6.3. General discussion on FAIR metrics

The audience and speakers discussed which organizations or communities should be responsible for defining good data practices, issues with interoperability in science, and the dangers of using metrics. In Martone’s view, decisions regarding FAIR data practices need to be made at multiple levels. Broad suggestions can be made by institutions, but these decisions cannot be so inflexible as to limit domain-specific needs. Each scientific community must be in charge of the day-to-day data standards that it implements. This is why incentives and easy-to-use tools are so important to FAIR practices. Martone suggested targeting neuroscience communities that already have incentives to share data and developing infrastructure for their specific needs. The need to put communities in charge of their own standards is what makes interoperability such a difficult FAIR principle to implement. Bonino suggested that the solution to this issue may be to focus on making the metadata interoperable rather than the data itself. Data formats and types vary too widely among fields to be completely defined at this point. Issues often arise when trying to find semantic relationships between different fields because they use different terms and emphasize different meanings for similar terms. Eliminating the use of implicit semantics in metadata is one important way to improve interoperability.

7. FAIR in discovery, search, and scholarly communication

This session focused on how the FAIR principles are actually being used by scientists and how compliance can be monitored. The metrics session outlined some issues with using metrics too broadly and each of the panelists agreed that metrics should not be released for the purposes of comparing scientists to each other. At this point, metrics are simply being used to see which FAIR principles are being applied by which communities and why. Matt Jones, Director of DataONE, shared how the FAIR principles are used by scientists in various fields that store data with the DataONE repository network. Daniella Lowenberg, Data Publishing and Data Metrics Product Manager, University of California Curation Center (UC3), discussed how metrics can be used to provide credit for sharing data properly.
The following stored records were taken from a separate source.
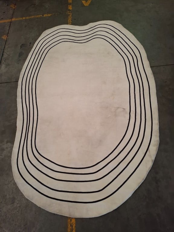 Soft Carpet light cream colour white black stripes Dimensions: 300 cm W x 196 cm D NOTE: STAINS AND MARKS, CLEANING REQUIRED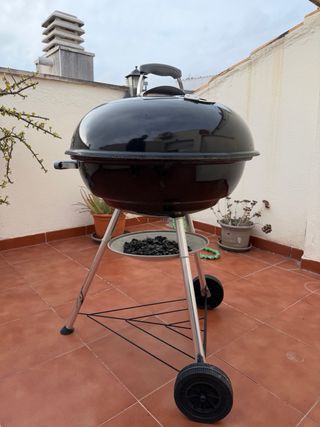 Barbacoa de carbón con un diseño clásico y funcional. - Tapa con asa y ventilación. - Patas con ruedas para fácil movilidad. - Parrilla inferior para accesorios.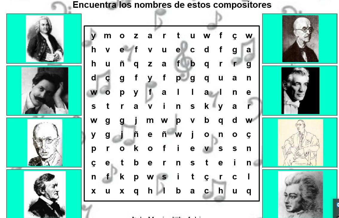 ET PROPOSO DE FER UNA SOPA DE LLETRES AMB ELS NOMS DELS COMPOSITORS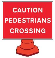 58212: Caution pedestrians crossing reflective cone sign 600x450mm (cone not included)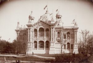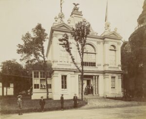 The Brazilian pavilion was designed by Francisco Marcelino de Sousa Aguiar in a French Renaissance style. The displays inside centered Brazil’s rich and abundant natural resources, including rubber and coffee.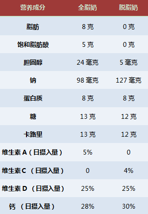 一杯240毫升的全脂奶与脱脂奶,营养成分有什么区别?看看下面这个表格。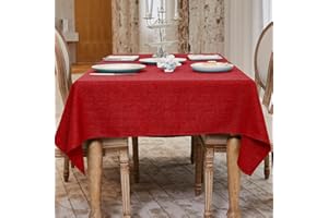 BALCONY & FALCON クリスマステーブルクロス 赤 140x180cm 北欧風 おしゃれ 撥水加工 長方形 布製 類麻 リネン 無地デザイン 防汚 防油 高耐久 上品で ある お手入れ簡単 丸洗いでき 厚手 家庭用 業務用 カフェ レスト
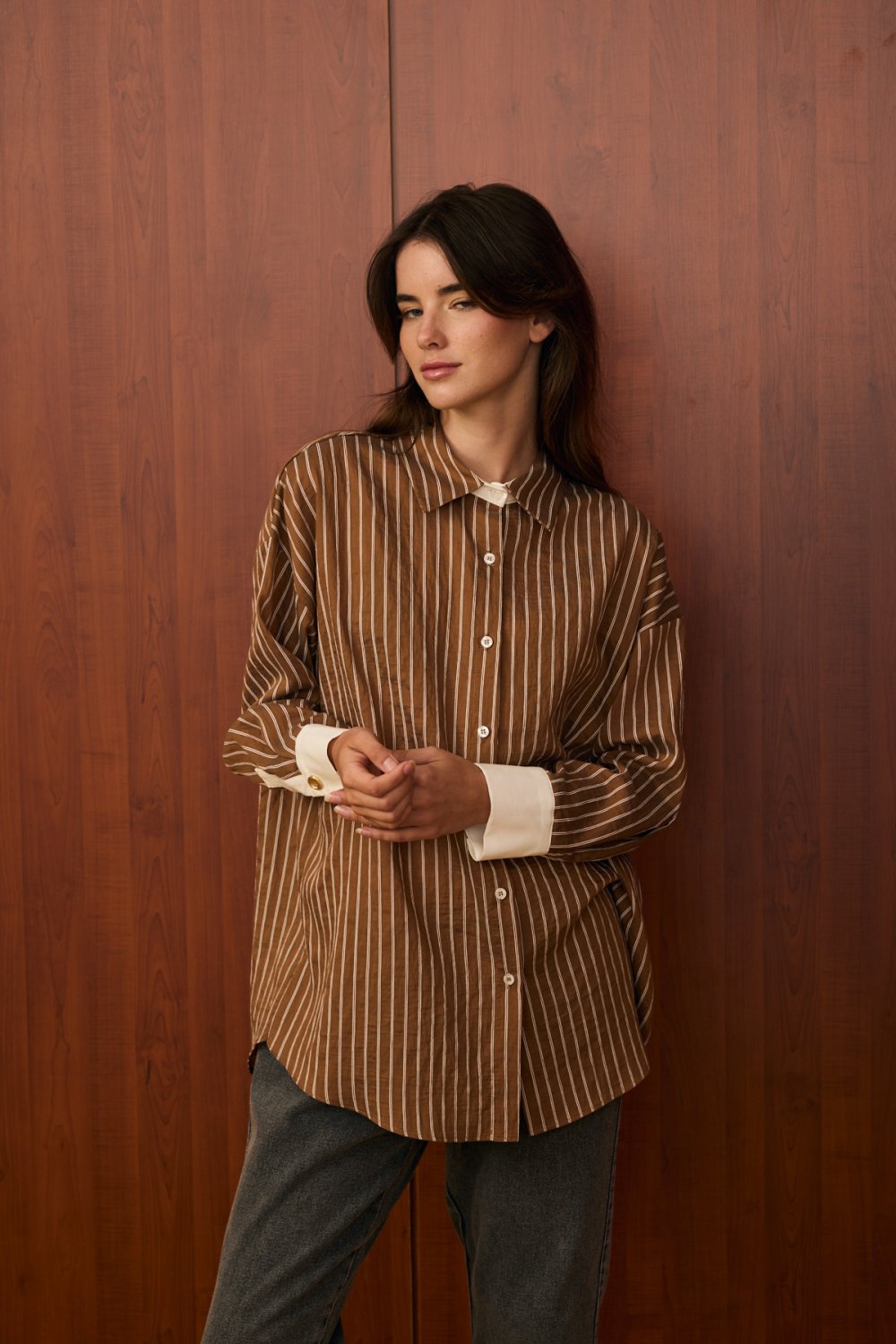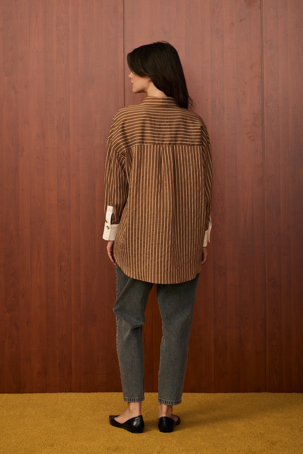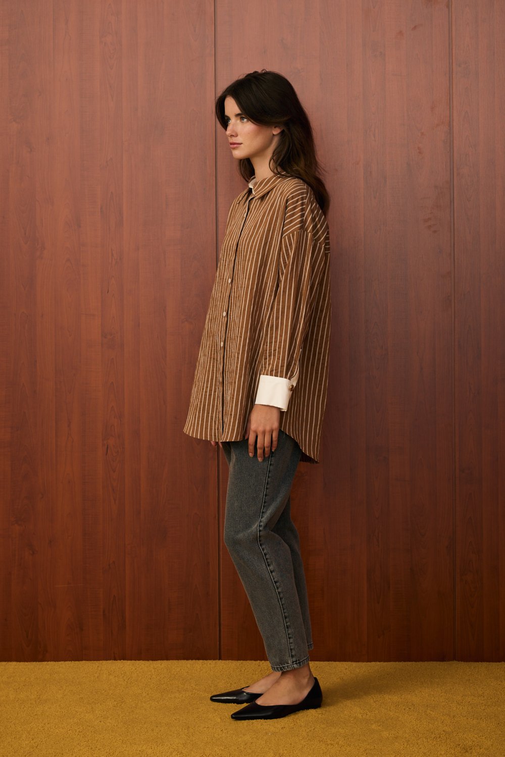 • Model Detayı: Çizgili, oversize kesim, uzun kollu gömlek. Düğmeli tasarımı ve kontrast manşet detayı ile modern bir görünüm sunar.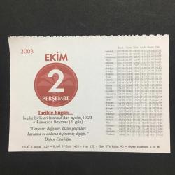 2 EKİM 2008 -TAKVİM YAPRAĞI-DOĞUM GÜNÜ HEDİYESİ-KUVEYT TÜRK TAKVİMİ,İNGİLİZ BİRLİKLERİ İSTANBULDAN AYRILDI,1923,RAMAZAN BAYRAMI 3.GÜN,BAYRAM ZİYARETLERİ,BİR NASİHAT,GÜNÜN TARİHİ İŞGAL KUVVETLERİ İSTANBULU TERK EDİYOR,KISSADAN HİSSE başlıklı ürün, Efemera, Müzik, Sinema > Belge ve Evraklar > Takvimler kategorisi altında İkinci El olarak satılmaktadır.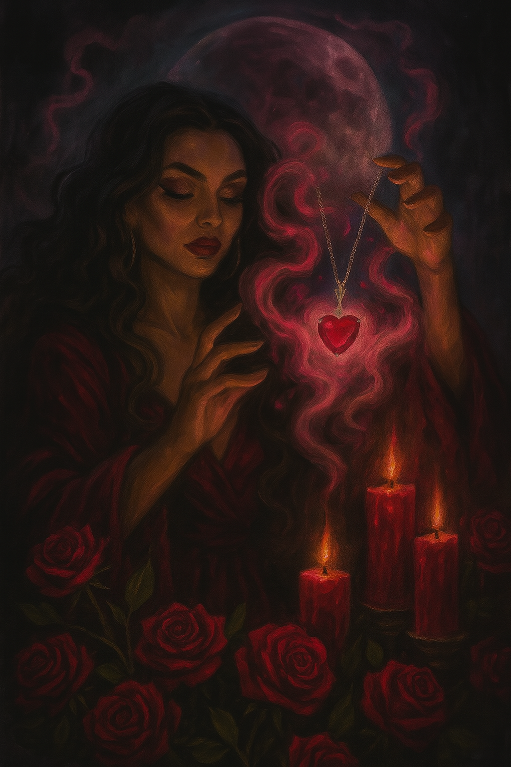 Enchanted Heart Glamour Talisman—a spell-bound red heart necklace that activates your inner beauty, charm, and irresistible allure.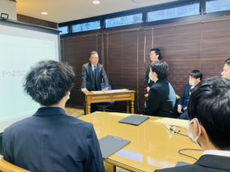 「配属先通達式」では、社長から直接、激励の言葉とともに春から配属となる店舗を内定者へ通達しました。また、配属先の通達後には、内定者それぞれが試行錯誤して作成した個性豊かな「自己紹介シート」を使用し、意気込みを交えて自己紹介を行いました。それぞれの工夫された自己紹介を受け、会長、社長、各事業部本部長からは期待の言葉とともに、内定者への熱いエールが贈られました。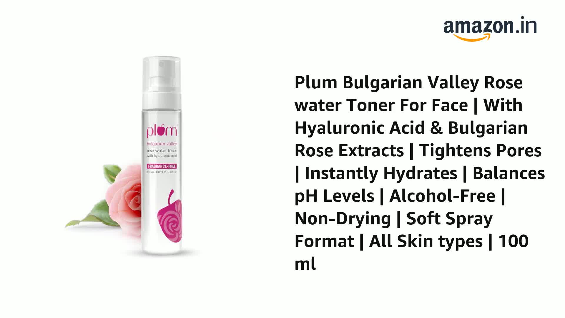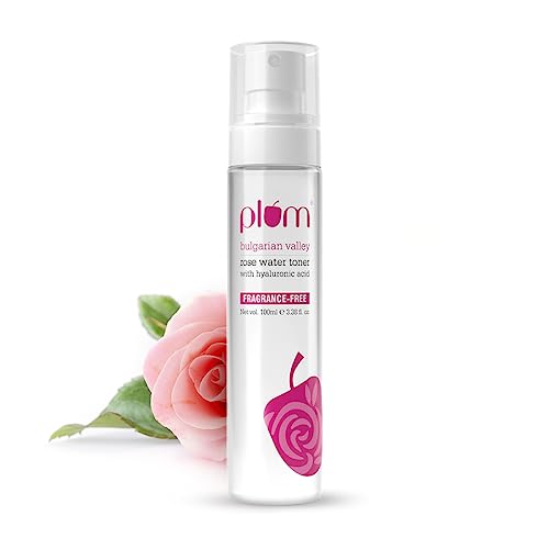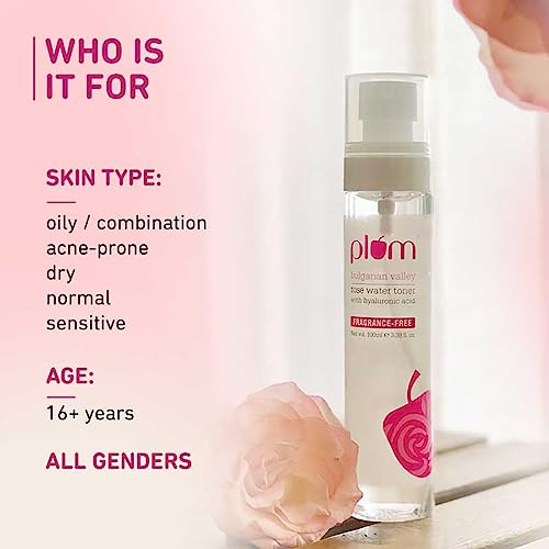 HomeHealth & PersonalSkin CareFace CareTonersPlum Bulgarian Valley Rose Water Face Toner | for Oily Acne Prone Dry Combination Skin | with Hyaluronic Acid | Hydrating & Pores Tightening | Balances pH Levels | Alcohol-Free | Women & Men | 100ml

7.1. Quantifying FAIR in the DataONE repository network

The 42 repositories and over 150,000 researchers that use the DataONE repository network share a common data interface. This makes tracking users’ data practices quite simple. Jones and the team at DataONE broke the FAIR principles down into a series of simple checks to see which scientists using the repository network were complying with FAIR principles [21]. Some of the checks for FAIR compliance are provided in Table 1. MetaDIG is a metadata-checking tool created by the National Center for Ecological Analysis and Synthesis (NCEAS) that is available on Github. It provides an outline that shows which metadata concepts should be included in the analysis of the data in the repository network [26]. The results of the quantification of compliance with FAIR principles should be seen as comparative rather than punitive. Each scientific community must decide on its own requirements. Furthermore, FAIR compliance should not be seen as binary. Compliance exists on a continuum that is heavily dependent on the scientific field in question.

Table 1
Checks for FAIR compliance used on data within the DataONE repository network [21]
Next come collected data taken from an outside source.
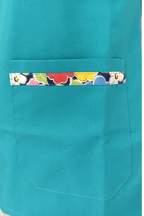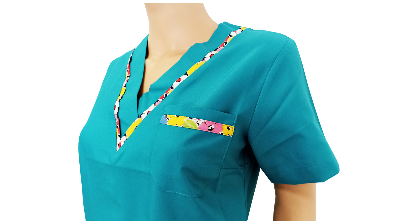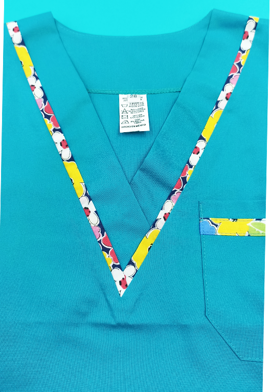 Escote en "V", con detalles en flores de colores, en manga corta,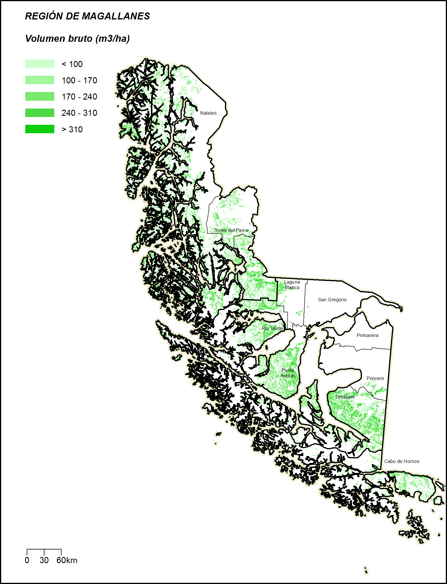 Existencias totales de Bosque Nativo: La región contabiliza 850,3 millones de m3 sólidos sin corteza a un índice de utilización de 10 cm, con una precisión de 84% para el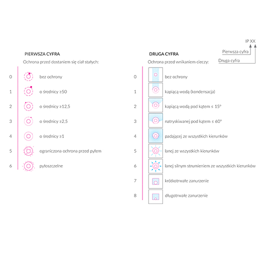 Stopień szczelności to parametr techniczny oprawy oświetleniowej dotyczący ochrony przed czynnikiem ciał stałych i przed wnikaniem cieczy do wnętrza oprawy. Produkujemy aż 4 typy opraw: IP20, IP44, IP65, IP67. Zapewniają one największy poziom bezpieczeństwa, niezależnie od przestrzeni, w jakiej ma być zamontowana oprawa. Oznaczenie stopnia szczelności składa się z dwóch cyfr. Interpretuje się je zgodnie z poniższą tabelą.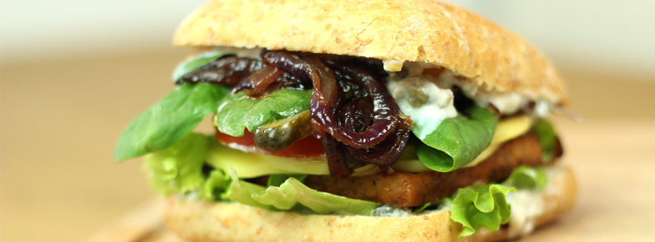 - Pain burger vegan (ici Jacquet ou sans gluten pour les intolérant.e.s)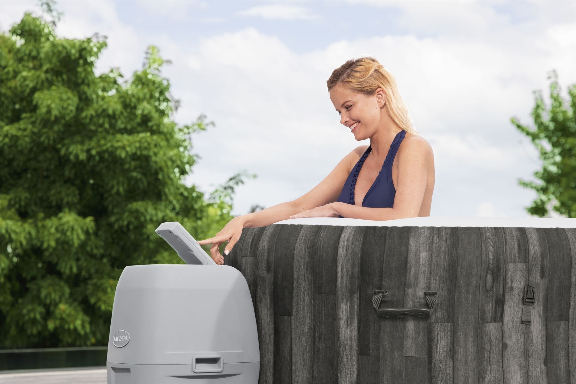 - Digitaal controlepaneel & spapomp met geïntegreerd filtersysteem bevat bekerhouders en is toegankelijk vanuit de spa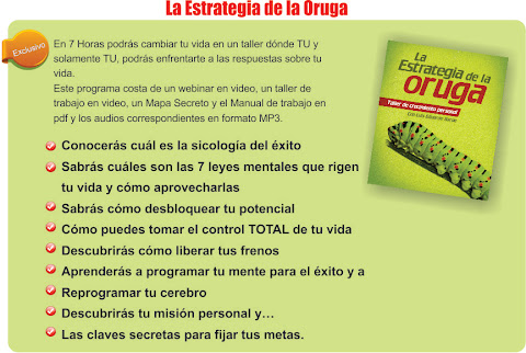 Datos LA ESTRATEGIA DE LA ORUGA [ Curso ] – Un Taller de Crecimiento Personal basado en la historia del gusano que quería volar Seminario en Video, Audio y PDF | 1 GB | 7 horas aprox | español neutro Cada año millones de personas comienzan el año pensando en hacer propósitos para cambiar sus vidas, para realizar sus sueños. ¿Quién no quisiera poder lograr alcanzar esa vida plena que quiere llevar, ese auto nuevo, esas vacaciones en la playa con los seres queridos, esa casa de los sueños? ¿Quién no ha deseado tener el tiempo para compartir con los que ama haciendo lo que ama hacer? Pero sin embargo, cada año empiezas haciendo propósitos que se olvidan unas semanas más tarde y te quedas atrapado en la misma rutina soñando con lo que pudo ser y no fue. Hasta que llega la celebración del nuevo año y la película vuelve a empezar…otra vez pronuncias esa frase…este año sí. La historia de la Oruga trata de un insecto casi insignificante que un día decidió que podía transformarse en lo que quería ser, y se convirtió en una hermosa mariposa. La transformación de la Oruga vino desde adentro y la tuya deber ser igual. Tú puedes transformar tu vida y la vida de los que te rodean si cambias tu forma de pensar y programas tu mente para tener éxito. Si la Oruga pudo, tú también lo puedes lograr. Está empezando el año, estás decidido a cambiar tu vida, estás cansado de hacer cada año lo mismo sin lograr resultados y has tomado la decisión de TRANSFORMARTE, de convertirte en una persona exitosa. Sin excusas, sin quejas, SOLO TU eres responsable de tu destino. Tú tienes el control de tu vida y si logras hacer lo que hizo la oruga podrás transformarte en lo que siempre has querido ser… un ser exitoso. Este seminario de LA ESTRATEGIA DE LA ORUGA ya ha cambiado la vida de centenares de personas que lo han tomado. El taller de LA ESTRATEGIA DE LA ORUGA es SOLO para personas que quieran transformarse. Solo si quieres cambiar tu mentalidad y empezar a pensar como piensan las personas exitosas, debes tomar este programa de de LA ESTRATEGIA DE LA ORUGA, de lo contrario sigue atrapado en ese círculo vicioso de programar tus propósitos de comienzo de año que terminas olvidando antes de DESCARGAS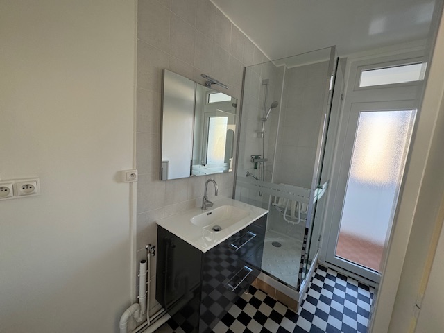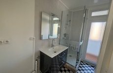 Un w.c séparé avec rangement, une salle d’eau avec arrivée d’eau pour machine à laver.

Findable Accessible Interoperable Reusable

Title Distributor Data format Metadata license

Metadata identifier Publisher Metadata schema Resource description

Resource identifier Landing page Checksum Semantic links

Attribute name unique

Findable	Accessible	Interoperable	Reusable
Title	Distributor	Data format	Metadata license
Metadata identifier	Publisher	Metadata schema	Resource description
Resource identifier	Landing page	Checksum	Semantic links
		Attribute name unique

The checks in Table 1 can be used to determine whether individual researchers or institutions comply with the FAIR principles for datasets on different projects or to distinguish between the needs of different fields. The results so far indicate that the Reusable checks tend to have the lowest rates of compliance. Individuals can change their levels of compliance with each new dataset they submit from month to month. The FAIR scores varied widely for each of the repositories within the DataONE network. Each of the FAIR principles were applied with differing levels of compliance to each field and each field presented unique challenges for FAIR compliance. One of the reasons that the FAIR principles were written broadly and somewhat flexibly was so they could be adapted to the needs of any scientific community. These results indicate that community input is needed to determine the necessary levels of FAIR compliance and to interpret the FAIR principles for each unique case.
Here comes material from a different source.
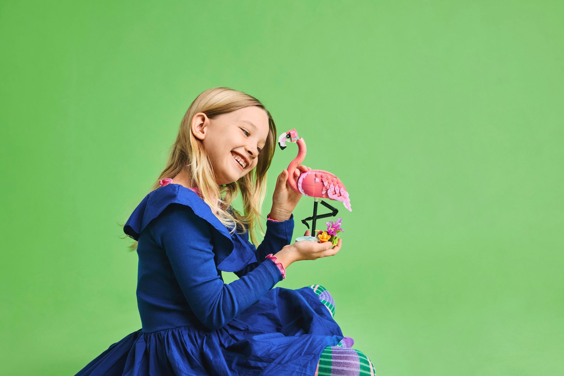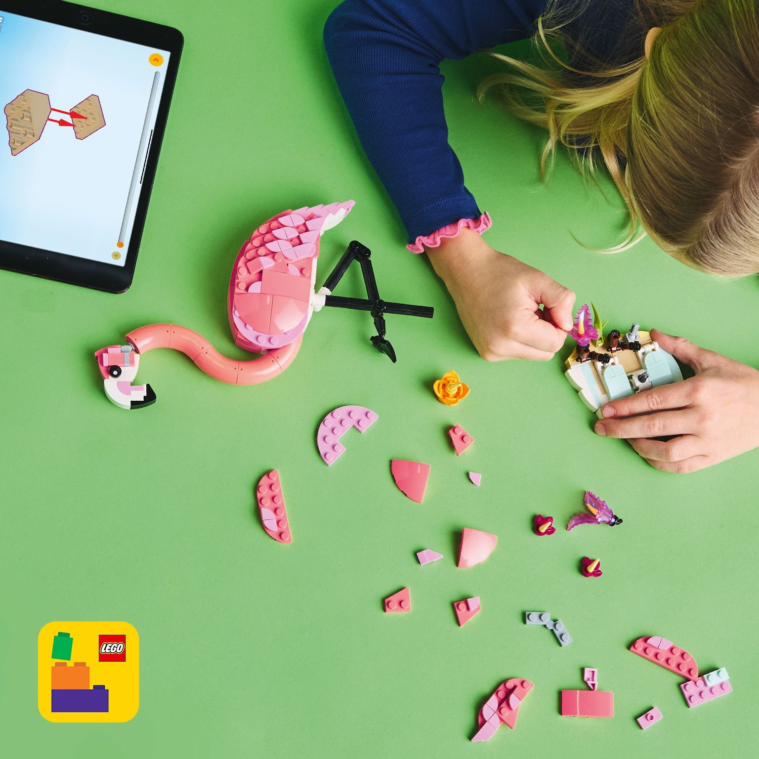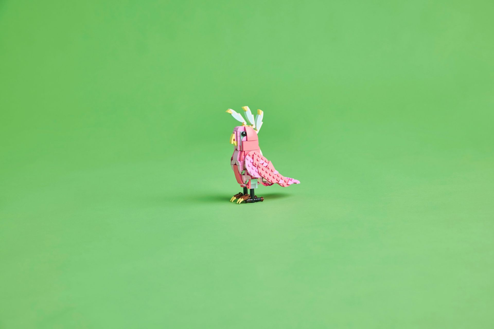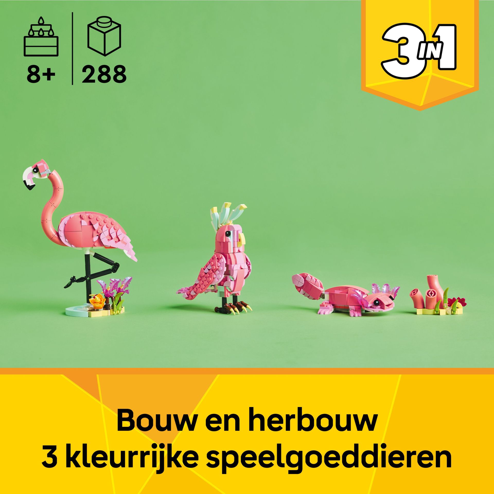 Met deze LEGO set krijgen kinderen 3 verschillende bouwmogelijkheden met dezelfde set stenen: een roze flamingo met een beweegbare kop op een met planten bedekte standaard, een verstelbare roze kaketoe die zijn kop 360 graden kan draaien of een schattige verstelbare roze axolotl met onderwaterplanten.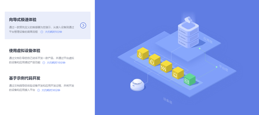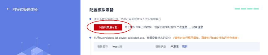 点击 华为云IoT向导式快速体验 下图选择“向导式快速体验”

7.2. FAIR metric for FAIR data: Making data count

Lowenberg focused on how credit might be given to those who comply with the FAIR data principles. Currently, sharing data is not really rewarded in academia. This led Lowenberg and her colleagues at UC3 to develop six steps that should lead to reasonable data metrics.

Value data rather than only value publications.

Ensure that transparent infrastructure for data sharing is available to researchers so that metrics are understandable and citations are properly attributed. This is an issue because most metadata are still not machine-readable, which means that metadata are difficult to find and data citations are rare. This could be solved by integrating Crossref/DataCite data into repositories so that links between funders, publications, and researchers are preserved [18].

Establish bibliometric principles for data so that meaning can be assigned to data citation metrics.

Implement a curation and peer review process for data to ensure quality and trust.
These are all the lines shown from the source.